EXERCISE PROMPT ->
Locate the line that contains "Tal como se". Retype it and every line after it to the end of the records, exactly, but not the pictures.

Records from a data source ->
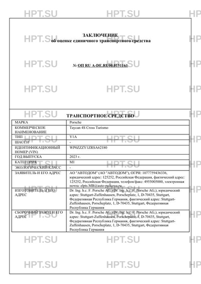 | Коммерческое наименование | Taycan 4S Cross Turismo |
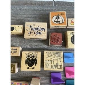 Lot Of 35 Random Mixed Lot Stamps Rubber Wooden Mounted Halloween Holidays.
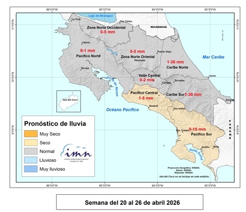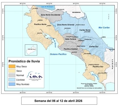 Tal como se puede observar en las imágenes compartidas por el IMN, para la primera semana completa de abril, del lunes 6 al domingo 12 se espera que en el Caribe Norte, Caribe Sur y la parte Oriental de la Zona Norte puedan darse algunas lluvias, mientras que el Pacífico Central y el Pacífico Sur estarán más secos de lo normal.
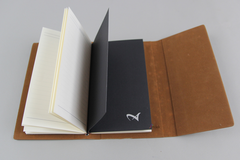 • Sổ tay bìa bọc da, có dây, ruột sổ bấm kim chắc chắn.
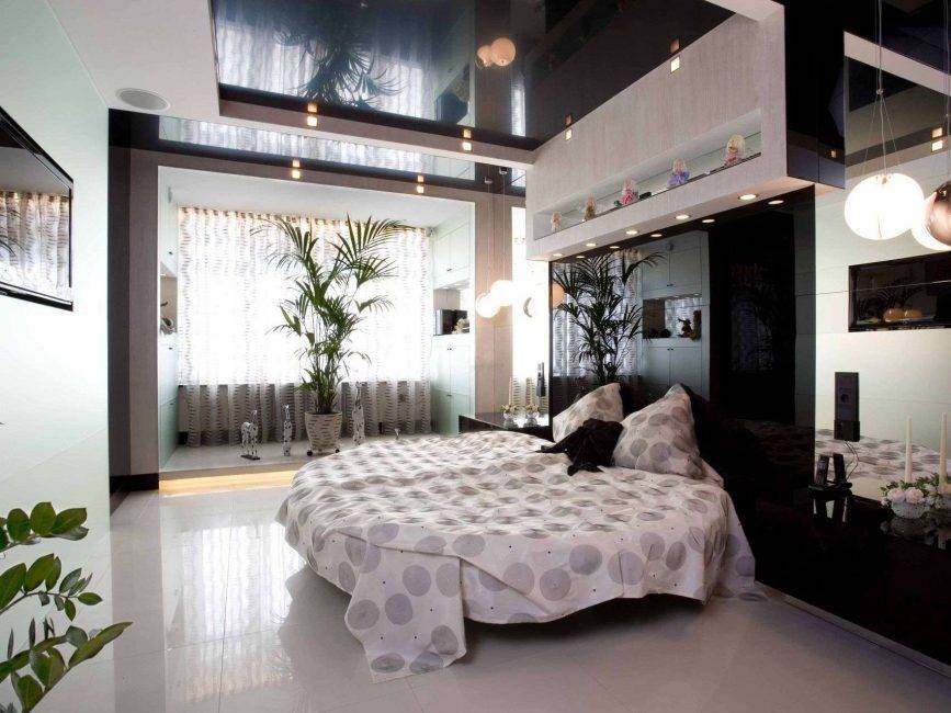 - Зеркальный эффект. Необязательно укладывать зеркало на весь потолок – можно оформить с его помощью небольшой участок поверхности.
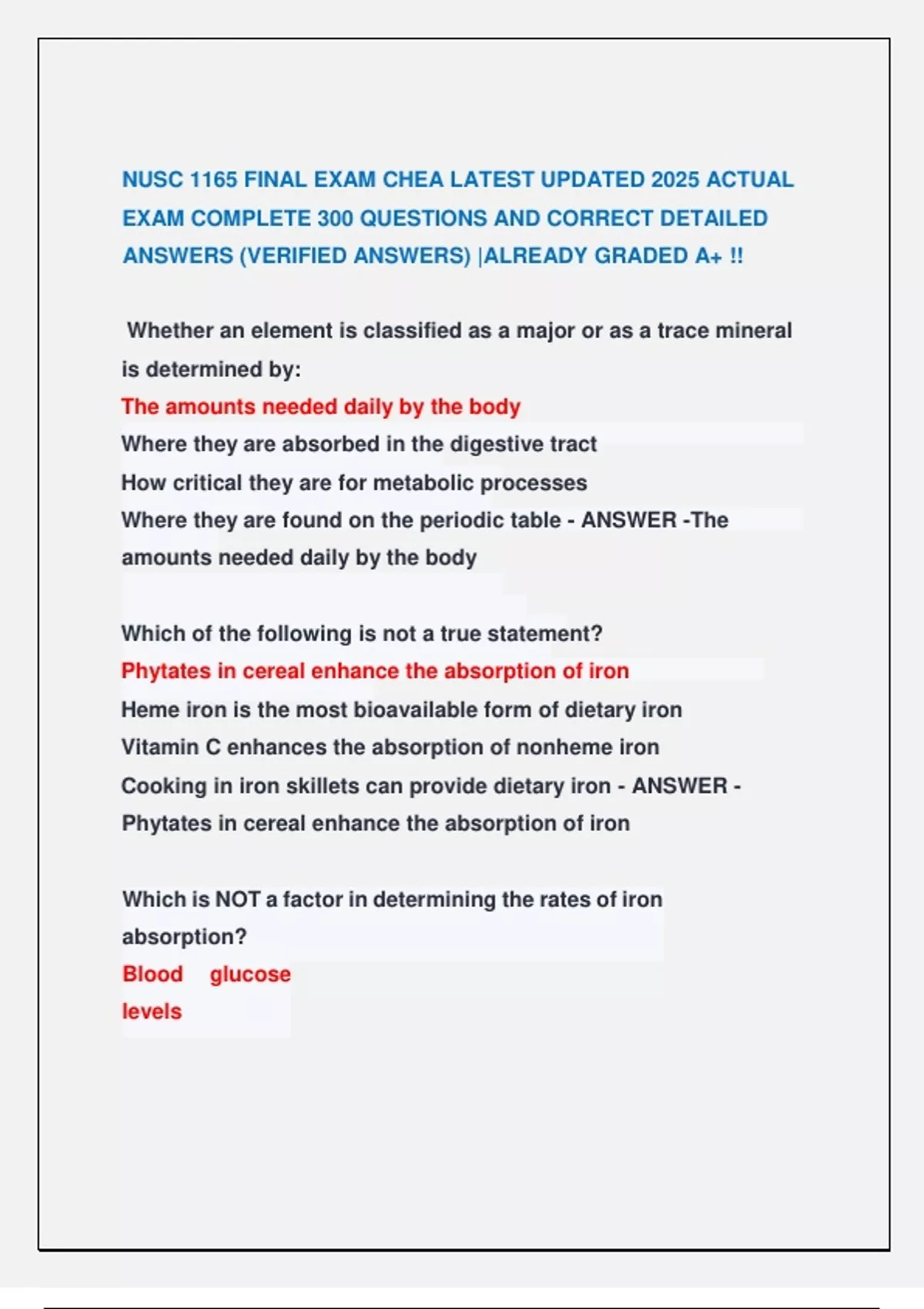 NUSC 1165 FINAL EXAM CHEA LATEST UPDATED 2025 ACTUAL EXAM COMPLETE 300 QUESTIONS AND CORRECT DETAILED ANSWERS NUSC 1165: Final Guide Exam || Most Recent Exam 2026 Actual Complete Real Exam Questions And Correct Answers nusc 1165 final exam chea Exam || Most Recent Exam 2026 Actual Complete Real Exam Questions And Correct Answers
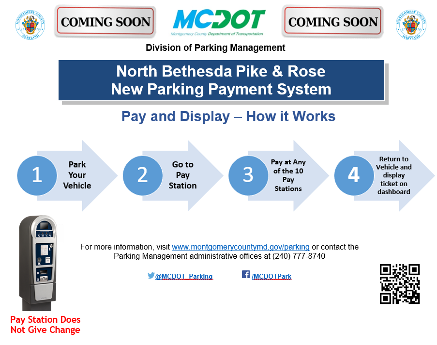 On or around Monday, July 2 2018, Montgomery County Department of Transportation (MCDOT) Division of Parking Management will modernize the on-street Parking Payment System in Pike & Rose in North Bethesda. The New Parking System uses Pay and Display and operates like a single space meter where the customer would have to estimate the time and pre pay prior to leaving to their destination. User must return to vehicle and display ticket on dashboard.
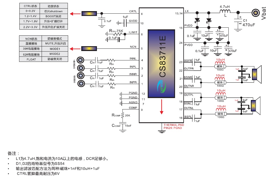 CS83711E的全差分架構(gòu)和極高的PSRR有效地提高了CS83711E對(duì)RF噪聲的抑制能力。無需濾波器的PWM調(diào)制結(jié)構(gòu)及內(nèi)置的BOOST升壓模塊,以及CS83711E采用專有的AERC(Adaptive Edge Rate Control)技術(shù) ,在音頻全帶寬范圍內(nèi)極大地降低了EMI的干擾,對(duì)60cm的音頻線,在FCC的標(biāo)準(zhǔn)下具有超過20dB的裕量,另外CS83711E內(nèi)置了過流保 護(hù),短路保護(hù)和過熱保護(hù),有效的保護(hù)芯片在異常的工作條件下不被損壞。
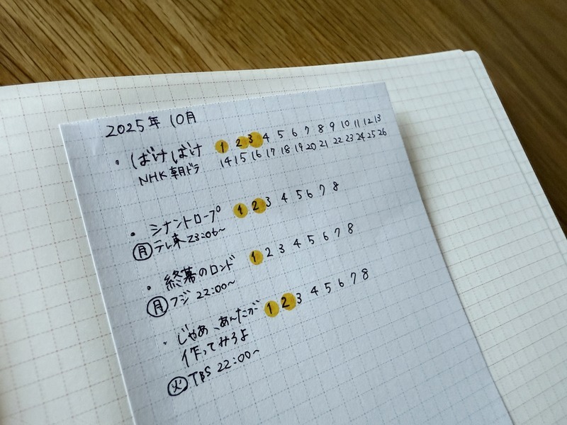 On the following pages, Ifll draw each dramafs title logo and record my impressions. With the release of the Hobonichi Techo App (available in Japan since October 15), I now jot down my thoughts right after watching an episode. By tagging each entry with the dramafs title, itfs easy to look back later when transferring notes into my techo.
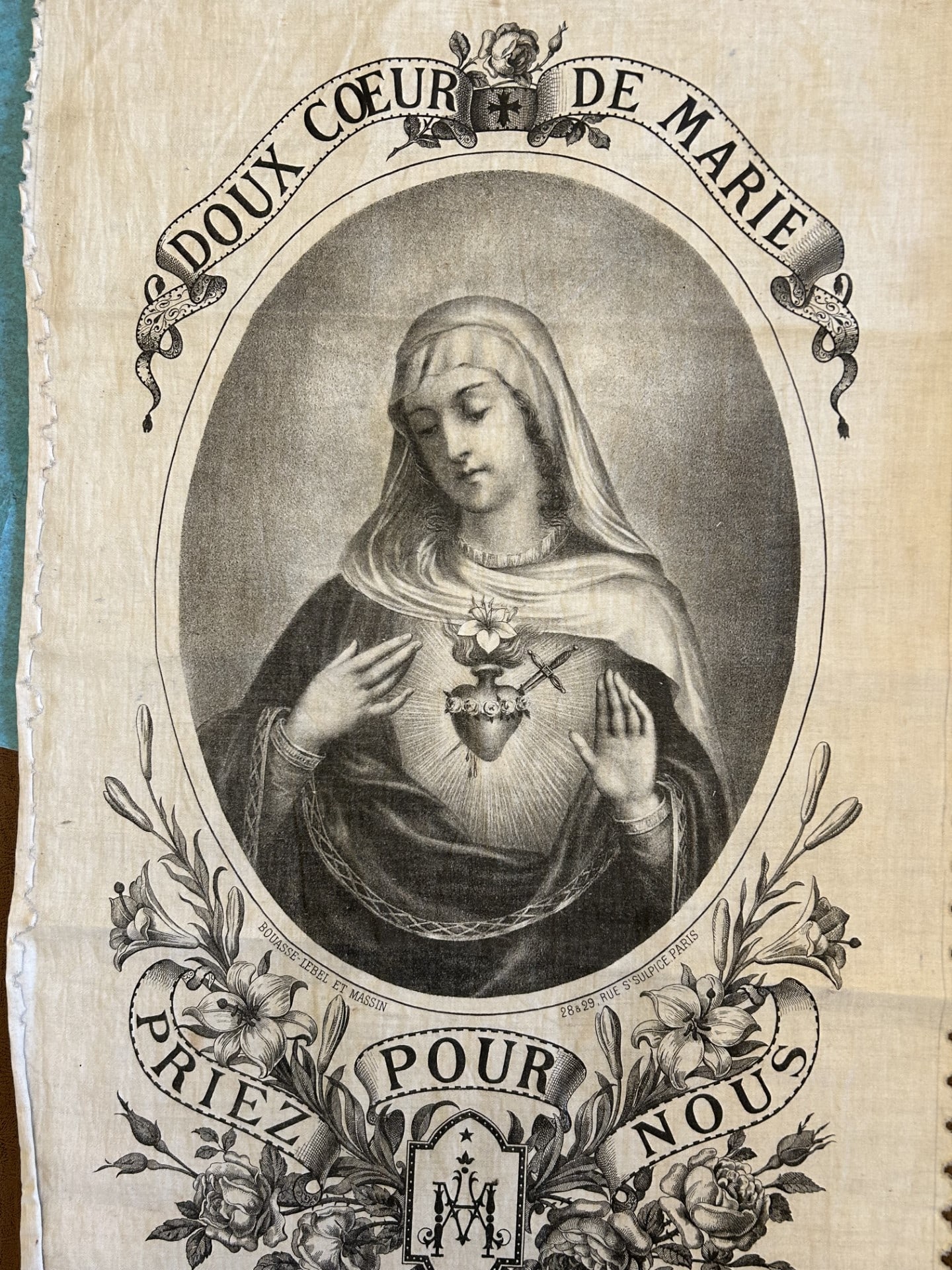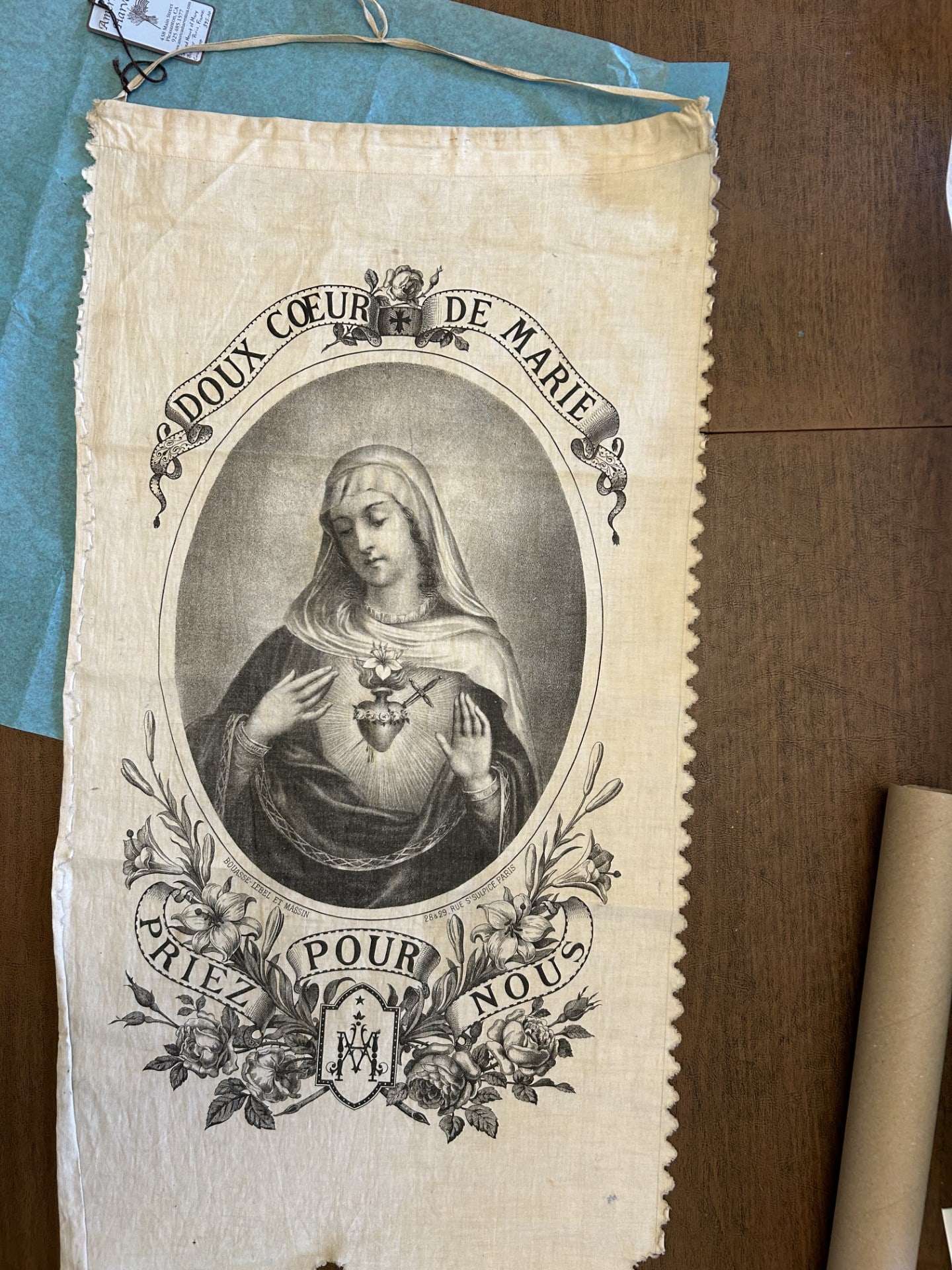 Printed on cotton cloth by Bouasse-Lebel et Massin; 28&29 Rue S'Sulpice, Paris. While the banner itself has no date on it, the item is listed in a 1901 catalog as "lithograph on fabric" (lithographie sur letoffe).
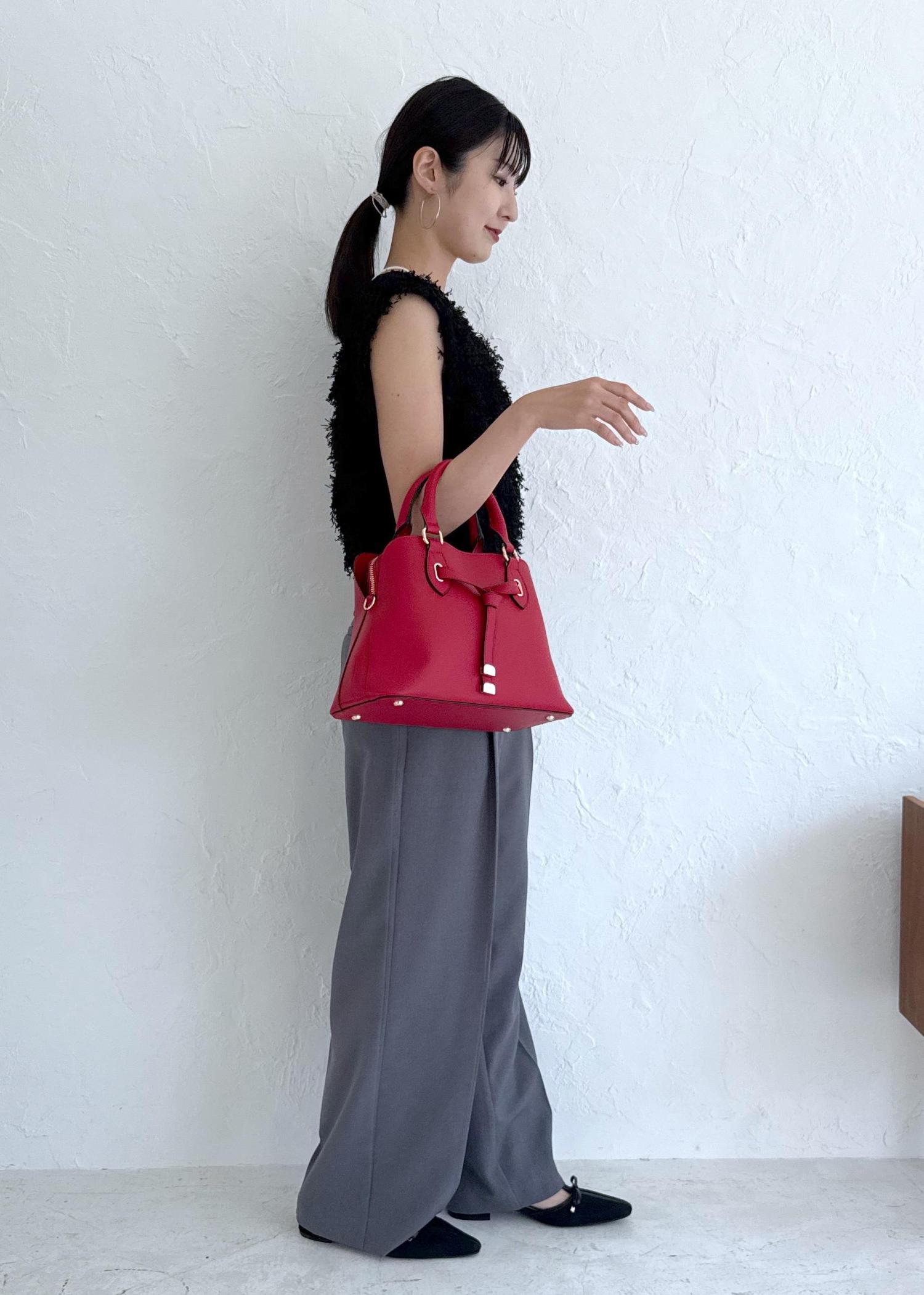 VISフロントタイ ブガッティ型ボストンバッグ/2WAYレッド / F¥7,909レビューフロントのリボンがさりげなく女性らしい印象。

REPLY ->
 Tal como se puede observar en las imágenes compartidas por el IMN, para la primera semana completa de abril, del lunes 6 al domingo 12 se espera que en el Caribe Norte, Caribe Sur y la parte Oriental de la Zona Norte puedan darse algunas lluvias, mientras que el Pacífico Central y el Pacífico Sur estarán más secos de lo normal.
 • Sổ tay bìa bọc da, có dây, ruột sổ bấm kim chắc chắn.
 - Зеркальный эффект. Необязательно укладывать зеркало на весь потолок – можно оформить с его помощью небольшой участок поверхности.
 NUSC 1165 FINAL EXAM CHEA LATEST UPDATED 2025 ACTUAL EXAM COMPLETE 300 QUESTIONS AND CORRECT DETAILED ANSWERS NUSC 1165: Final Guide Exam || Most Recent Exam 2026 Actual Complete Real Exam Questions And Correct Answers nusc 1165 final exam chea Exam || Most Recent Exam 2026 Actual Complete Real Exam Questions And Correct Answers
 On or around Monday, July 2 2018, Montgomery County Department of Transportation (MCDOT) Division of Parking Management will modernize the on-street Parking Payment System in Pike & Rose in North Bethesda. The New Parking System uses Pay and Display and operates like a single space meter where the customer would have to estimate the time and pre pay prior to leaving to their destination. User must return to vehicle and display ticket on dashboard.
 CS83711E的全差分架構(gòu)和極高的PSRR有效地提高了CS83711E對(duì)RF噪聲的抑制能力。無需濾波器的PWM調(diào)制結(jié)構(gòu)及內(nèi)置的BOOST升壓模塊,以及CS83711E采用專有的AERC(Adaptive Edge Rate Control)技術(shù) ,在音頻全帶寬范圍內(nèi)極大地降低了EMI的干擾,對(duì)60cm的音頻線,在FCC的標(biāo)準(zhǔn)下具有超過20dB的裕量,另外CS83711E內(nèi)置了過流保 護(hù),短路保護(hù)和過熱保護(hù),有效的保護(hù)芯片在異常的工作條件下不被損壞。
 On the following pages, Ifll draw each dramafs title logo and record my impressions. With the release of the Hobonichi Techo App (available in Japan since October 15), I now jot down my thoughts right after watching an episode. By tagging each entry with the dramafs title, itfs easy to look back later when transferring notes into my techo.
 Printed on cotton cloth by Bouasse-Lebel et Massin; 28&29 Rue S'Sulpice, Paris. While the banner itself has no date on it, the item is listed in a 1901 catalog as "lithograph on fabric" (lithographie sur letoffe).
 VISフロントタイ ブガッティ型ボストンバッグ/2WAYレッド / F¥7,909レビューフロントのリボンがさりげなく女性らしい印象。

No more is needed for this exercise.